His arms went behind Diluc’s neck, an attempt at putting on what Diluc assumed was a necklace. Kaeya seemed clumsy about the clasp.

“Oh, there are actually more gifts,” Diluc teased, to which Kaeya looked at him with a face that said ‘don’t you dare’, Diluc dared.

“I thought this would be like when I turned fourteen,” Diluc started, and Kaeya rolled his eyes and tried again to get the clasp to obey, “your idea of a ‘gift’ was so sweet, what was it again?”

“Please don’t, I will die of shame and embarrassment before I can put this thing on properly,” Kaeya said, just as he managed to clasp the necklace.

“Maybe you just got saved,” Diluc smirked, looking down at the necklace that now adorned his neck. The chain was thin and golden, ending in a branch-like tangle that held on to two stones, one red and one blue. The stones seemed to emit a dull light from them.

“Did you become a smith too?” Diluc asked.
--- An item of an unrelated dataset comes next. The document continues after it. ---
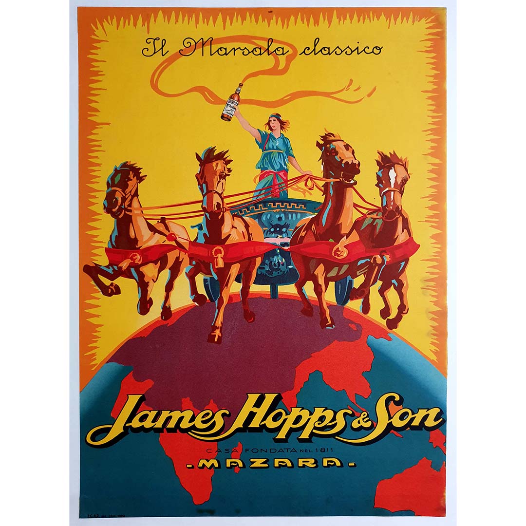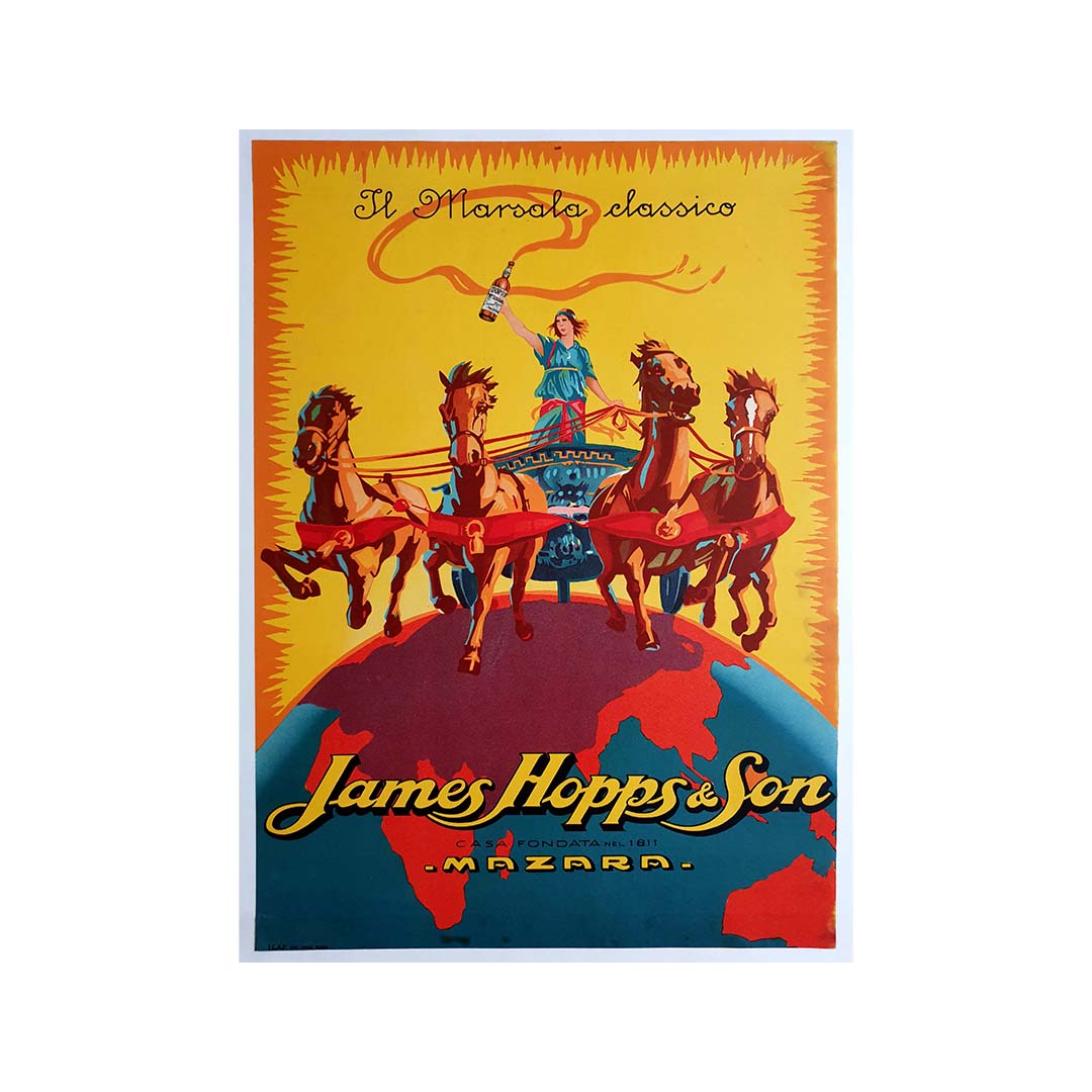L'affiche originale de 1930 environ pour « Il Marsala Classico » de James Hopps & Son est un chef-d'œuvre visuel saisissant qui nous transporte dans une époque d'élégance et de tradition. Mettant en scène quatre chevaux majestueux, cette affiche sert non seulement de support publicitaire, mais rend également hommage à l'héritage et au charme intemporel de la marque.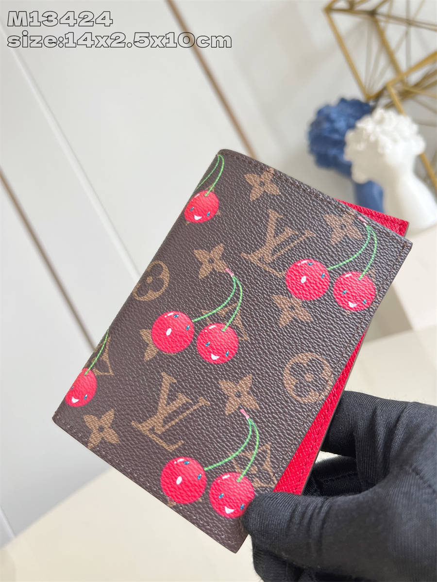 CCK【独家实拍 M13424 】本款护照套出自路易威登 x 村上隆刻系列,为经典 Monogram 涂层帆布描绘明丽樱桃图案,以玩趣活力开启旅途奇遇。牛皮革内衬再添醒目之笔,内部卡片夹层和口袋可妥善收纳随行所需。14 x 2.5 x 10 厘米 (高 x 宽 x 长度)

“I did ask Wagner for help,” and in true Kaeya dramatics he winked at Diluc, and gave him a smug look, before theatrically holding Diluc’s hand and kissing it, “ but you could say, I did so for you my sweet Firefly.”

Diluc felt his face heat up, but faced Kaeya and declared, “yes, my Starlight.” Then he proceeded to look away at anything other than Kaeya, as he rarely used that nickname he’d come up with during their childhood. Diluc cleared his throat to make Kaeya focus on anything other than that nickname.

“Thank you for your gifts Kae,” he gave a sweet kiss at Kaeya’s cheek.

“Oh but, I have another gift for you,” Kaeya smiled, the kind of innocent smile that speaks of playfulness and mischief.

Diluc didn’t get to ask about it as he was tackled onto the bed. The sound of pouring rain and thunder drowned out the cries and moans of pure pleasure that the owner of the Dawn Winery screamed out into the night.